Write out the lines below exactly, beginning at the one with "Զննության արդյունքում հանձնուքում" and stopping after the one with "Thực phẩm bảo"; the pictures are not copied.

** Opening EXERCISE INPUTS block **

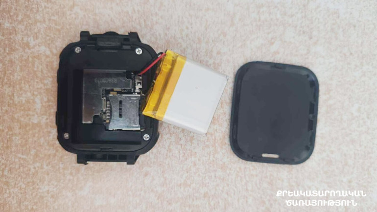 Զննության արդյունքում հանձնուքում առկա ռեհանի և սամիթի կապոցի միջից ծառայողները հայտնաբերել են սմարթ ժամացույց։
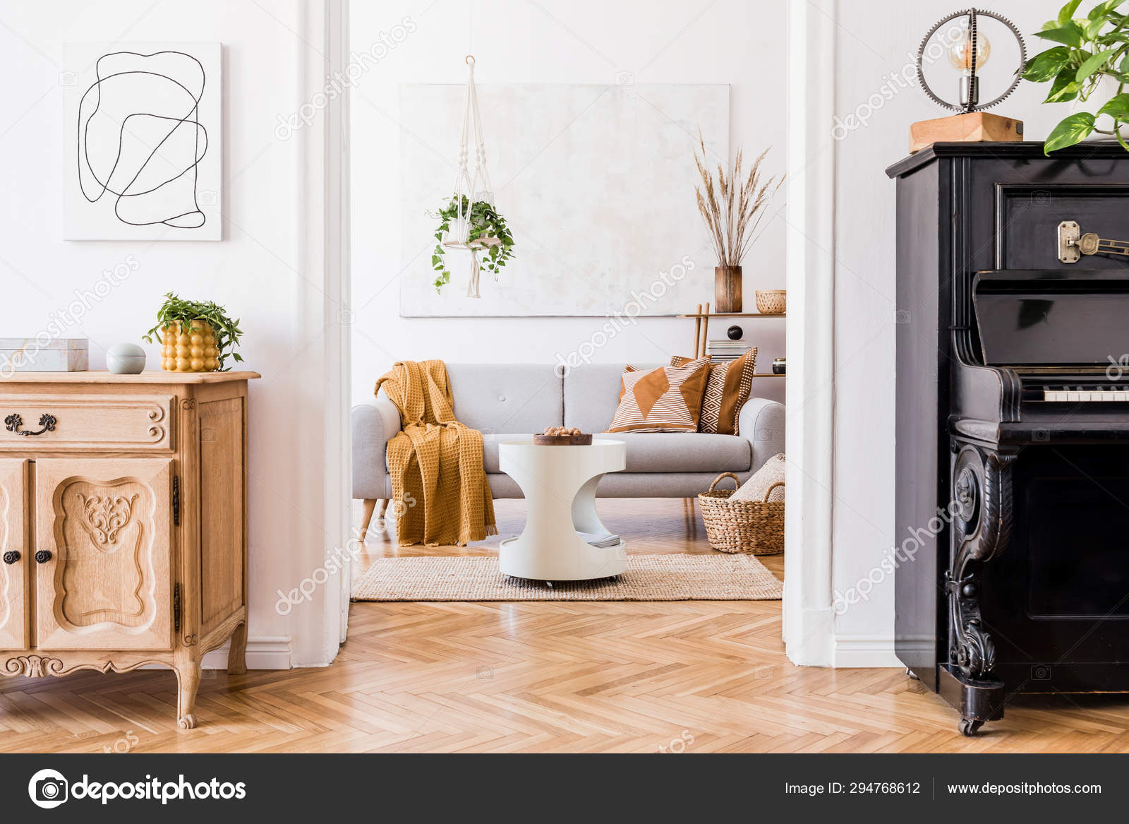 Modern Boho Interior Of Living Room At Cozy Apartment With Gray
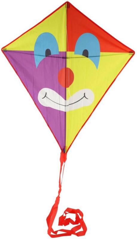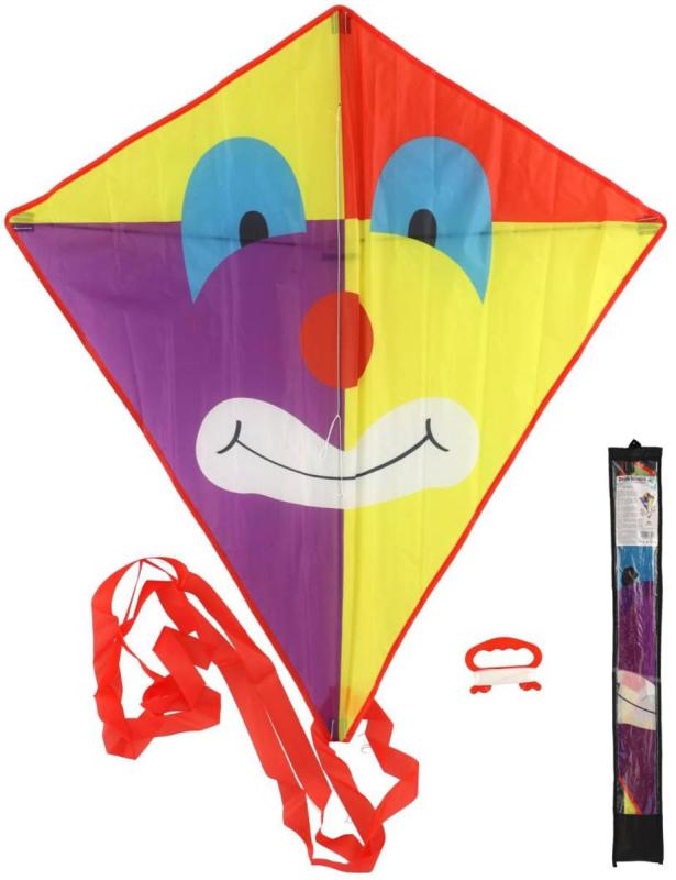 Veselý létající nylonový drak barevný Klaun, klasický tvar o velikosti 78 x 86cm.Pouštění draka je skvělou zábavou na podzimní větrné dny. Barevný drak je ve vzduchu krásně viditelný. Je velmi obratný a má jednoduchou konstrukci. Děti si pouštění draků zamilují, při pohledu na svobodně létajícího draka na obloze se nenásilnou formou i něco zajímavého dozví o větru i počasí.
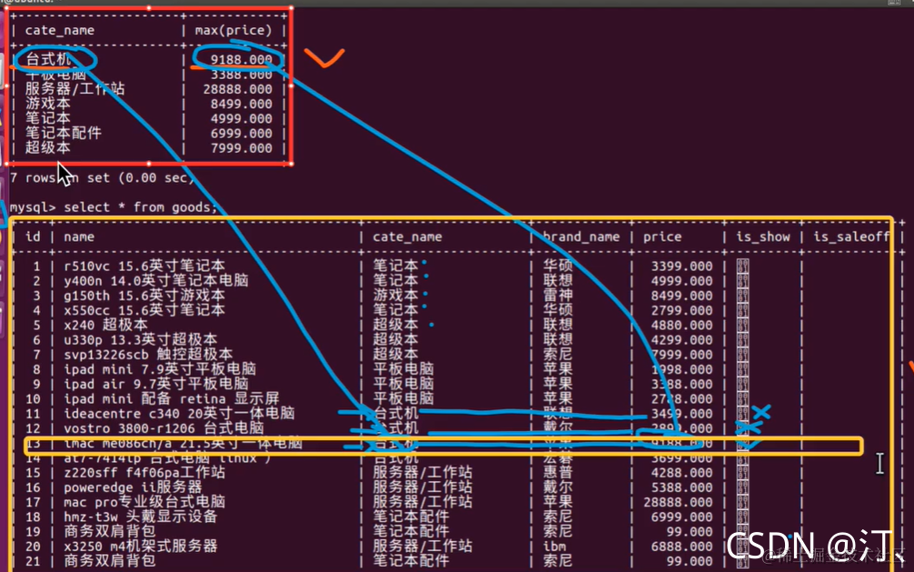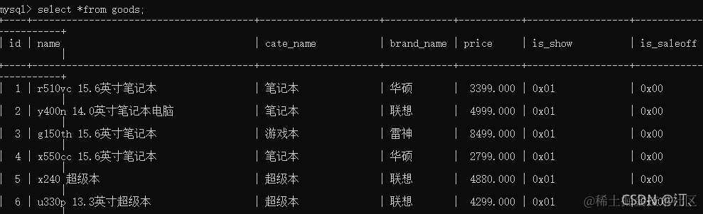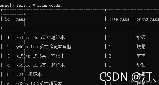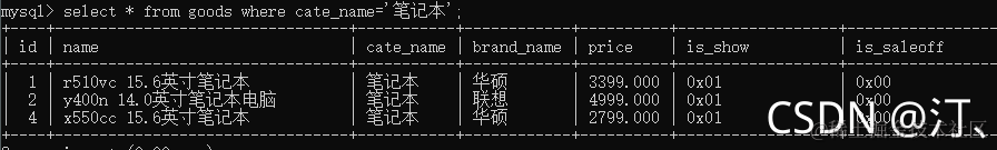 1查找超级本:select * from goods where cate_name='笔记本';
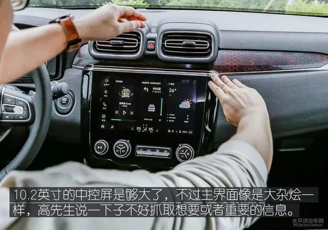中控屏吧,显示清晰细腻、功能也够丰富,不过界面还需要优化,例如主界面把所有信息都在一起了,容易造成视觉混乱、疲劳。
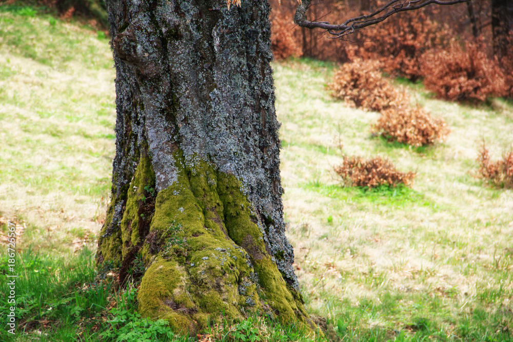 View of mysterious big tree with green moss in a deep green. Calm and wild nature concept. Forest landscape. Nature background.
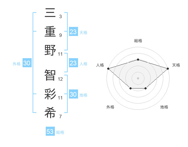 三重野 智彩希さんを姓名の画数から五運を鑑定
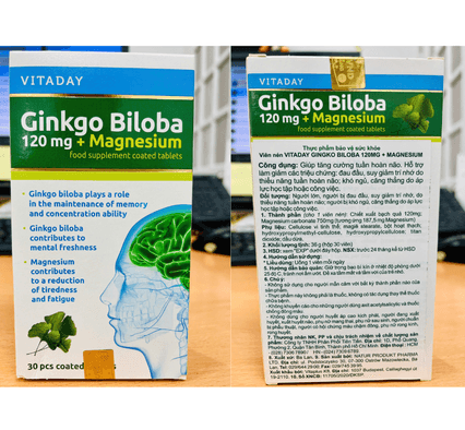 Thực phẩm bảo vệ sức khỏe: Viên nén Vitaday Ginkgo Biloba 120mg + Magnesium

** Closing EXERCISE INPUTS block **
** Opening EXERCISE INPUTS block **

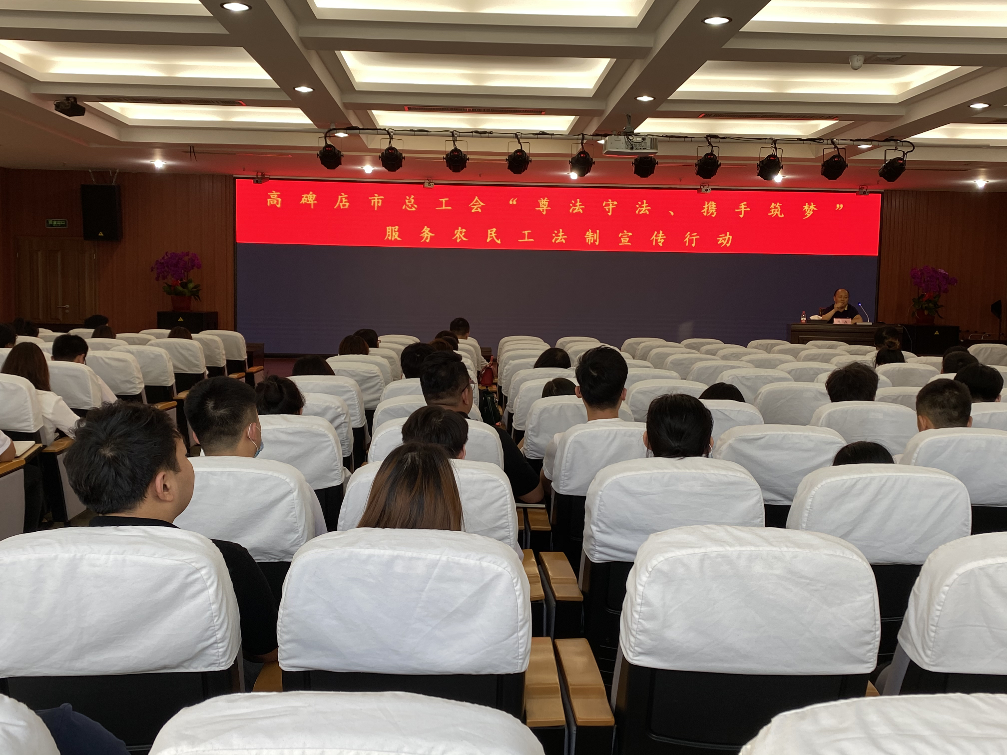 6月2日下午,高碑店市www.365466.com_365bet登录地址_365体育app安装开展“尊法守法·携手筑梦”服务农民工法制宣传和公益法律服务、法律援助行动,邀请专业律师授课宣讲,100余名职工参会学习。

** Closing EXERCISE INPUTS block **

__EXERCISE RESPONSE__:
 Զննության արդյունքում հանձնուքում առկա ռեհանի և սամիթի կապոցի միջից ծառայողները հայտնաբերել են սմարթ ժամացույց։
 Modern Boho Interior Of Living Room At Cozy Apartment With Gray
 Veselý létající nylonový drak barevný Klaun, klasický tvar o velikosti 78 x 86cm.Pouštění draka je skvělou zábavou na podzimní větrné dny. Barevný drak je ve vzduchu krásně viditelný. Je velmi obratný a má jednoduchou konstrukci. Děti si pouštění draků zamilují, při pohledu na svobodně létajícího draka na obloze se nenásilnou formou i něco zajímavého dozví o větru i počasí.
 1查找超级本:select * from goods where cate_name='笔记本';
中控屏吧,显示清晰细腻、功能也够丰富,不过界面还需要优化,例如主界面把所有信息都在一起了,容易造成视觉混乱、疲劳。
 View of mysterious big tree with green moss in a deep green. Calm and wild nature concept. Forest landscape. Nature background.
 三重野 智彩希さんを姓名の画数から五運を鑑定
 Thực phẩm bảo vệ sức khỏe: Viên nén Vitaday Ginkgo Biloba 120mg + Magnesium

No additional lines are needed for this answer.